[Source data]

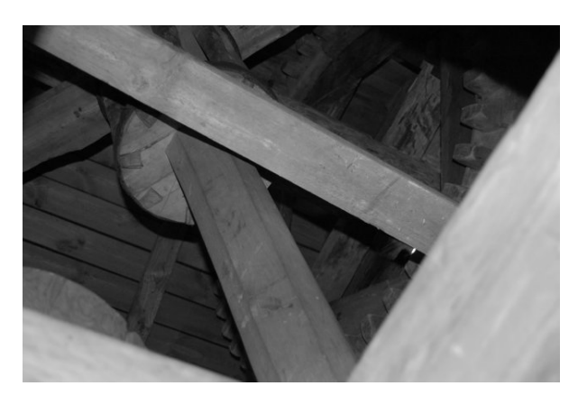
Figure 2: Old traditional gearbox opened for checking the wear of gear teeth

In the real industrial world the most reliable way of monitoring wear is to measure wear as such (Figure 2). Unfortunately, this approach cannot often be followed since the components of interest are hidden and thus cannot be monitored with low cost solutions. In fact the wear monitoring solutions could become extremely expensive and also be prone to fail easily. Due to the fact that it is not easy to monitor wear as such indirect methods to define the amount of wear are often used. The most common method is the measurement of vibration acceleration. A good CBM application on the assets will result in a large amount of sensor data. This data can take various forms including velocity, acceleration, acoustic emission, etc. In addition, utilising the Internet of Things (IOT) techniques will allow for a greater variety and volume of machine data.
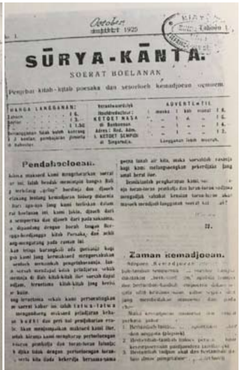
Photo 2. Newsletters Bali Adnjana and Surya Kanta.

Beginning in 1920s, the caste system had been debated by numerous Balinese scholars between the local magazines of Surya Kanta and Bali Adnjana . Surya Kanta and Bali Adnjana were local magazines, which was established in Singaraja in 1920s. These two magazines focused on the debates of the castes existence between
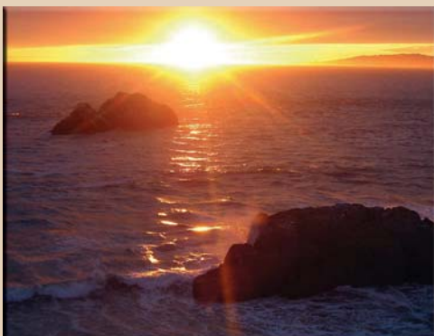
Sunset over the Ocean
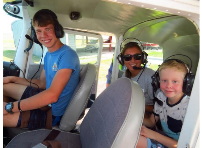
What it's all about!
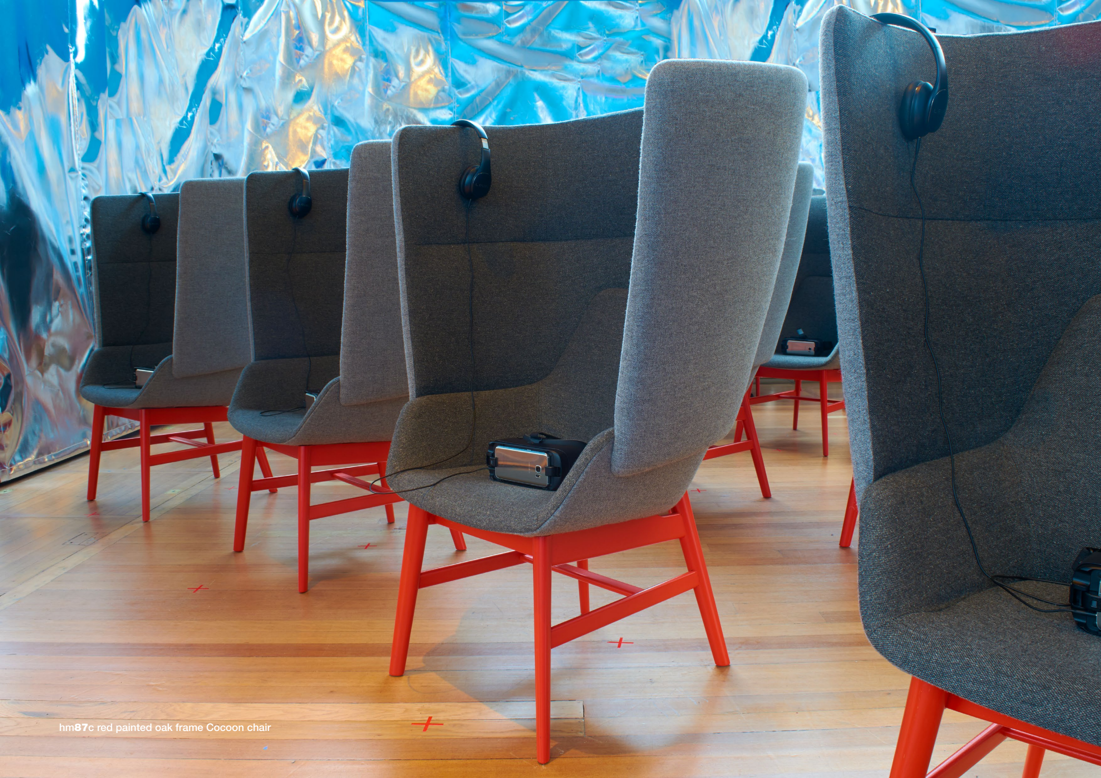
hm87c red painted oak frame Cocoon chair
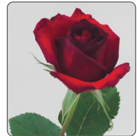
Control - Rose
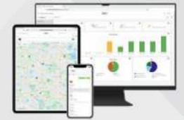
Manage this device with Digi Remote Manager
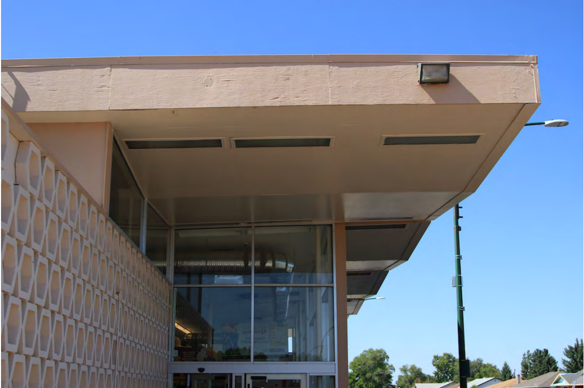
Overhanging roof showing inset lighting and lighting over side entryway, facing west (Donald Luxton & Associates, 2014)
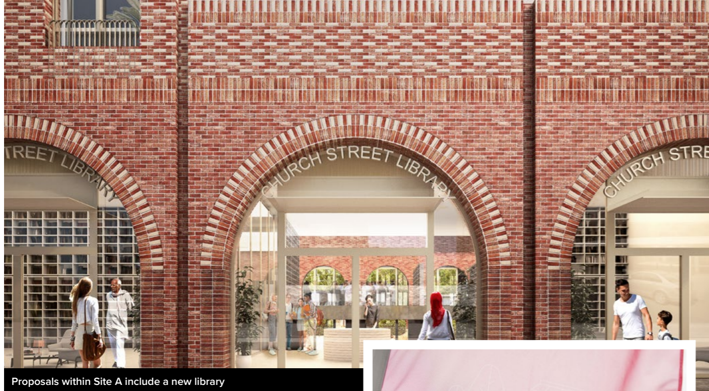
Proposals within Site A include a new library
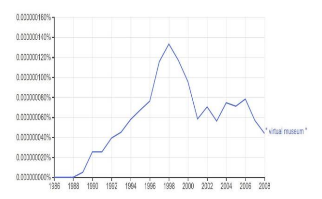
Figure 3: Use of the term "virtual museum" in books, 1988–2008 (Google Books Ngram Viewer).

Viewing the use of the term "virtual museums" in books using the Google Books Ngram Viewer (<a href="https://books.google.com/ngrams">https://books.google.com/ngrams</a>), we can see that the phrase started use around the birth of the web and peaked in 1998 (see Figure 3).
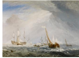
Title: Antwerp: Van Goyen Looking Out for a Subject Date: 1833 Primary Maker: Joseph Mallord William Turner Medium: Oil on canvas Dimensions: 36 1/8 x 48 3/8 in. (91.8 x 122.9 cm)
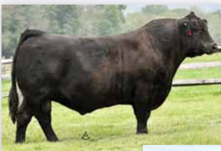
CJSL CREED Sire of Lot 90
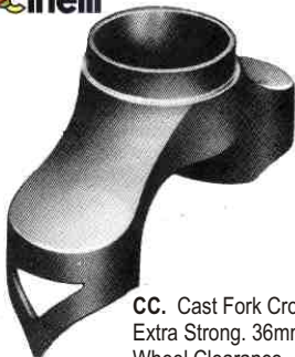
CC. Cast Fork Crown Extra Strong. 36mm Wheel Clearance.
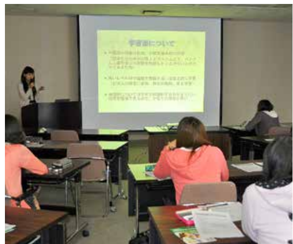
Study Abroad Orientation (May 22, 2013)

Also, in an effort to provide financial support to university students studying abroad at partner schools we have established the "Akita University Student Overseas Assignment Support Project". Part of the international airfare is provided (up to 40,000 yen within Asia, and up to 100,000 for other locations), with support provided to 5 students in FY2013.
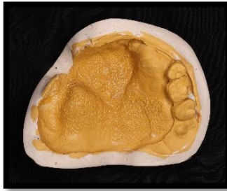
Figure 2b:- Primary Cast
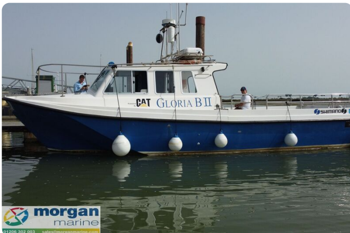
Procharter 36 GRP charter fishing boat - port side view of wheelhouse
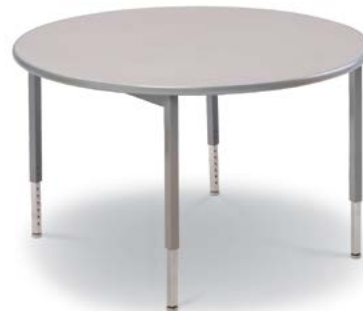
Planner Round Activity Table

Model 25610. Shown in Wild Cherry top with Black edge and Black frame.
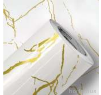
IX3770 Mármore Alba Imperial Gloss
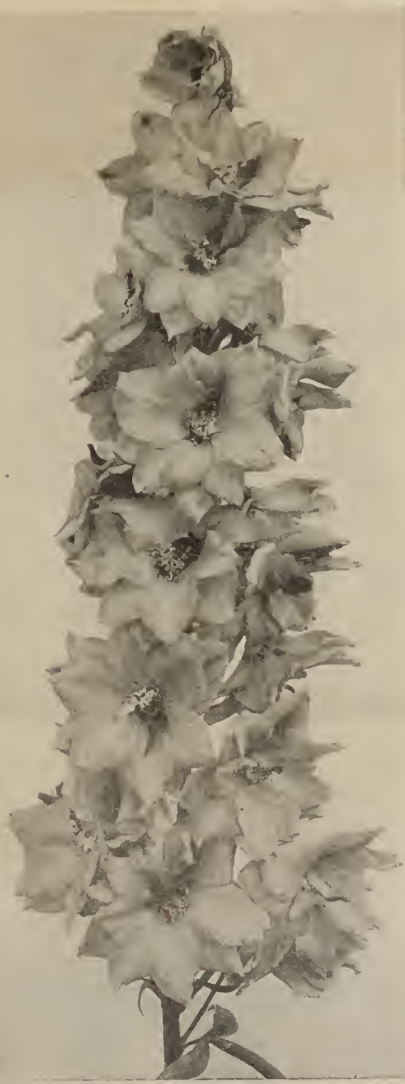
Branch Lateral of Shaw Strain Delphinium

From three-inch pots, varieties No. 249, $2.50 per dozen; $18.00 per hundred. No. 250 to No. 265, $1.50 per dozen; $11.00 per hundred. No. 266 to No. 275, $1.25 per dozen; $9.00 per hundred. Small Delphinium plants shipped express, charges C. O. D. We cannot be responsible for any green plants shipped by us by express or parcel post, as plants leave our hands and are packed in the best way possible, but due to careless handling of railway and postal employees, delays, conditions that cause plants to sweat thereby causing their loss. All green plants shipped are entirely at the purchasers risk.
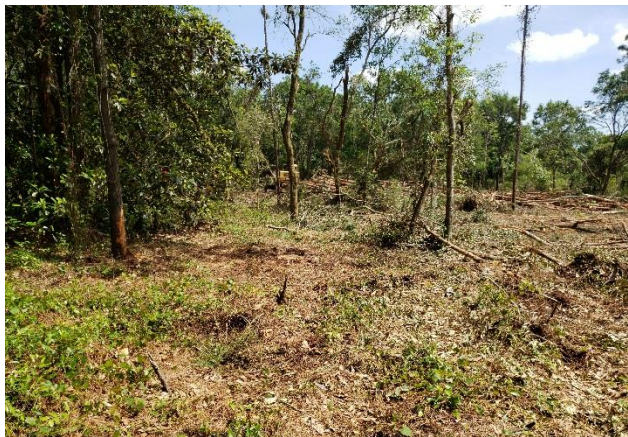
15 feet east off the natural trail behind Pondview Drive

The loggers showed up on Monday, April 22 to start harvesting the pines and hardwood trees. Squirrels, snakes, birds and mice are on the run looking for new places to settle. Here are some pictures after one week of work.
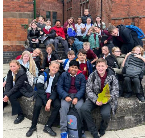
TABLE TENNIS FINALISTS – GO GH!

On Tuesday 29th October, Year 6 visited the Abbey Pumping Station in Leicester. They visited as part of their work on Victorians to see one of the remaining Victorian buildings in the city. They spent some time looking at the amazing building, beam engine and museum. They played with some Victorian games, investigated friction for their Science work and took their sketch books and were artists as they sketched patterns they could see in the engines. They were superbly behaved and very engaged in all they saw. A great day!
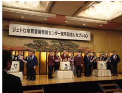
Opening of ceremony
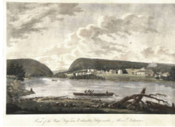
Title: View of the Water Gap and Columbia Glass Works - River Delaware Primary Maker: Thomas Birch Medium: Aquatint and engraving, with color added
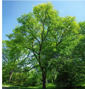
Gledistia triacanthos inermis Honeylocust

Demonstrated local success, hardy under most conditions. Light: Full Sun Height: 60' – 80' Spread: 60' – 80' Type: Deciduous Growth Rate: Fast Water Demand: Xeric
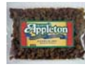
44513 Sultana Raisins
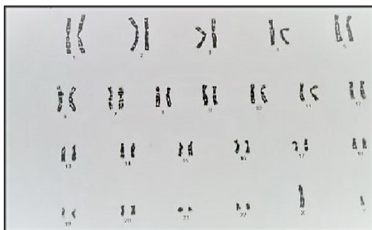
Figure 2: The Giemsa banding from peripheral blood lymphocytes of the infant showing normal male 46, XY karyotype.

A normal healthy baby was delivered at 36 weeks and 2 days. Further, the NGS and blood karyotype of the baby (Figure: 2 and 3) showed perfectly normal chromosomes without any aneuploidy or mosaicism.
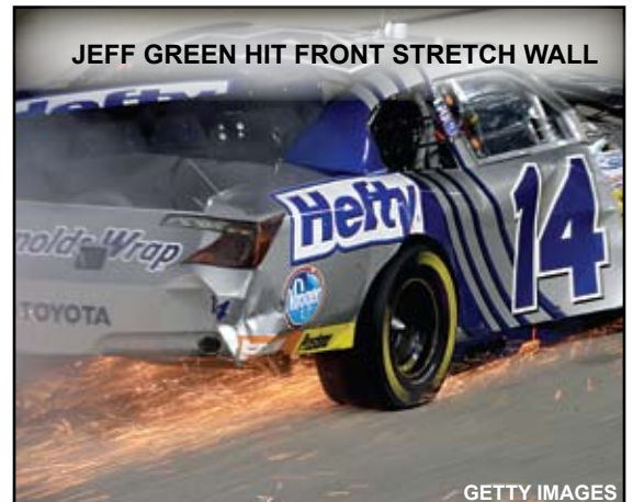
JEFF GREEN HIT FRONT STRETCH WALL
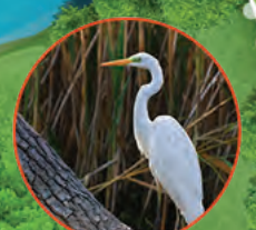
Great Egret (Ardea alba)
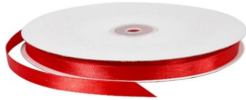
Satin Ribbon, W: 10 mm, red, 100m/ 1 roll Item no. 51371
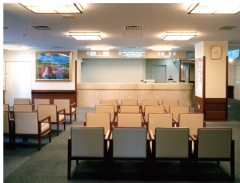
1st Floor Reception

Tel. 03-3951-111 1 OBS-Gyn: (Only for 2nd Consultation patients) Pediatrics : (1 month check, Development, Neurology, Enuresis, Allergy, Cardiovascular) ENT: (Voice, Hearing Aide, Schoolchildren) Dermatology: (Schoolchildren, Phototherapy, Laser, Pimple Treatment) Ophthalmology: (Strabismus, Amblyopia, Nystagmus , Botulismus ) Breast Clinic Various Medical Check ups
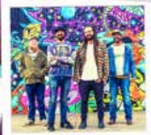
OCTOBER 8th DARK MOON HOLLOW
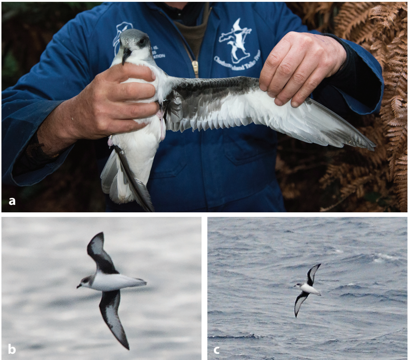
Fig. 1. Chatham Petrels: (a) Sweetwater Reserve, main Chatham Island, 15 January 2016 (Photo: Kirk Zufelt); (b) 9 km south of Rangatira Island, Chatham Islands, 18 January 2016 (Photo: Kirk Zufelt); (c) 39°39.5'S, 179°58.6'E, 264 km east of Napier, North Island, NZ, 12 January 2016 (Photo: Martin Gottschling).

The underwing pattern of Chatham Petrel is diagnostic. It has a thick, blackish leading edge to the inner forehand, and a long, broad diagonal ulnar bar, which, uniquely, extends to the wing base because of the blackish axillaries (Figs. 1a–c, 2c). Photographs of birds in the hand show that the forearm has whitish feathering restricted to a fine triangle of marginal and shorter lesser coverts along the inner half (base of triangle at the body), and the rear of the arm has a wider-based triangle of mainly median and greater
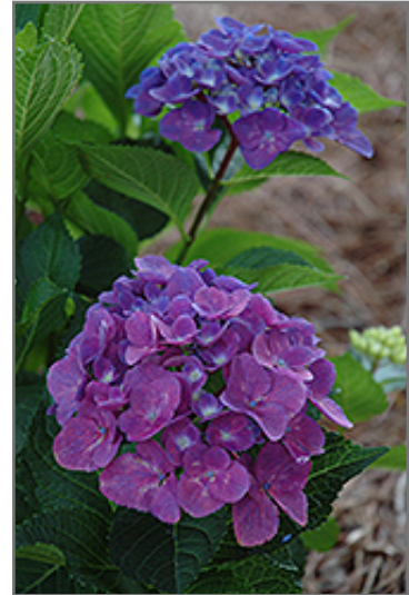
Cityline Venice Dwarf Hydrangea flowers

Cityline Venice Dwarf Hydrangea is recommended for the following landscape applications;
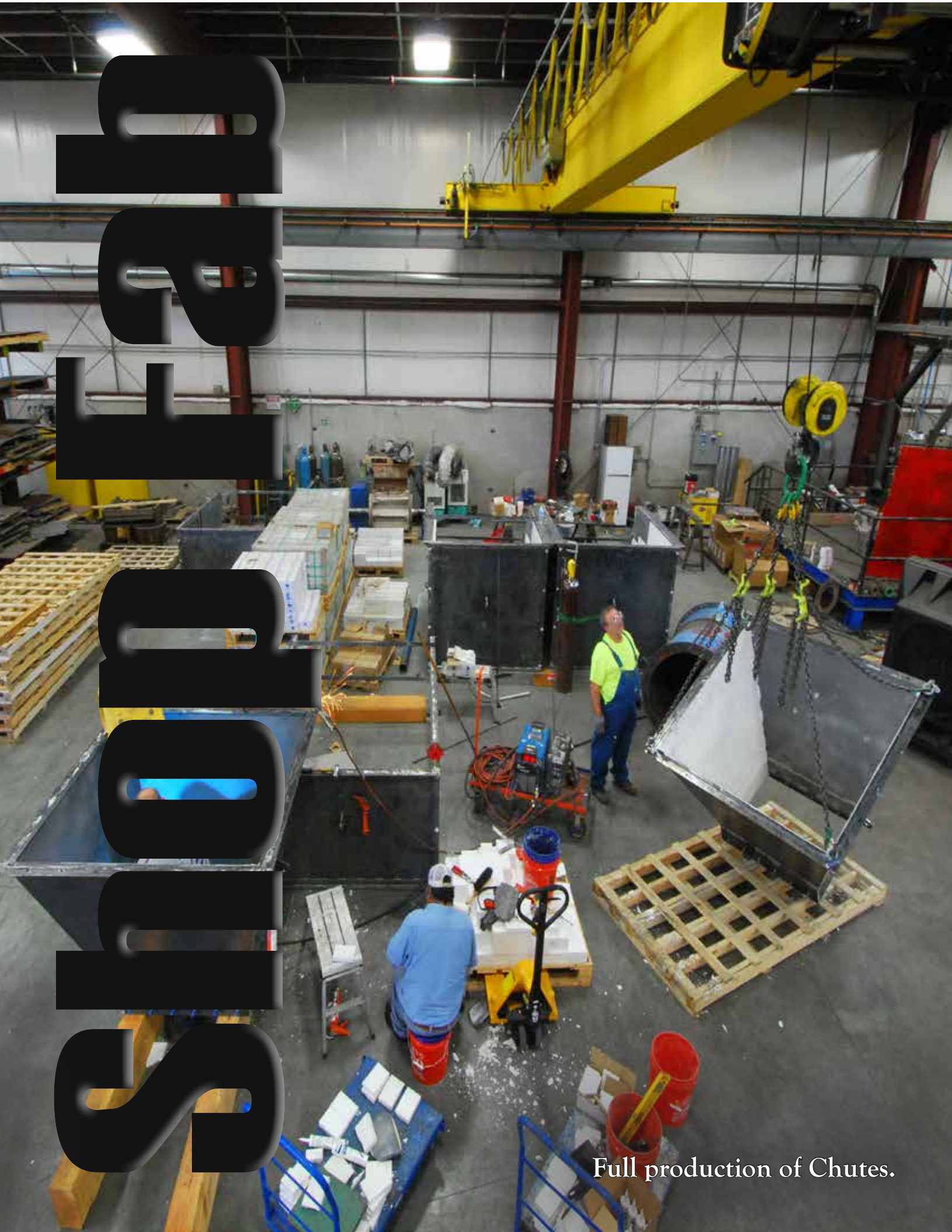
Full production of Chutes.
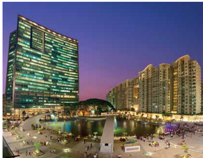
Actual shot of Brigade Gateway, Bengaluru

Brigade Group is among the few developers who also enjoy a reputation of developing Grade A commercial properties. Some of the Group's commercial development includes, the World Trade Center Bengaluru & Kochi, Software and IT parks, SEZs and stand-alone offices having reputed international clients operating from them.
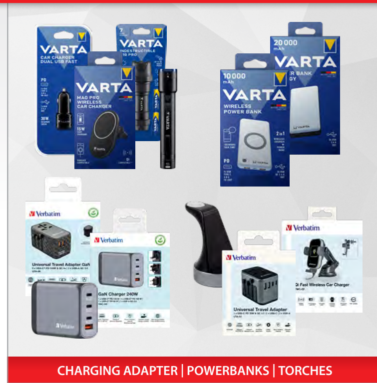
CHARGING ADAPTER | POWERBANKS | TORCHES

We offer a large selection of versatile charging adapters, high-performance power banks and reliable LED Torches.

#### Exercise description
Without the pictures, give again exactly the lines above starting at the line containing "CJSL CREED Sire of Lot 90" and ending at the line containing "Branch Lateral of Shaw Strain Delphinium".

#### Finished exercise
CJSL CREED Sire of Lot 90
CC. Cast Fork Crown Extra Strong. 36mm Wheel Clearance.
Study Abroad Orientation (May 22, 2013)

Also, in an effort to provide financial support to university students studying abroad at partner schools we have established the "Akita University Student Overseas Assignment Support Project". Part of the international airfare is provided (up to 40,000 yen within Asia, and up to 100,000 for other locations), with support provided to 5 students in FY2013.
Figure 2b:- Primary Cast
Procharter 36 GRP charter fishing boat - port side view of wheelhouse
Planner Round Activity Table

Model 25610. Shown in Wild Cherry top with Black edge and Black frame.
IX3770 Mármore Alba Imperial Gloss
Branch Lateral of Shaw Strain Delphinium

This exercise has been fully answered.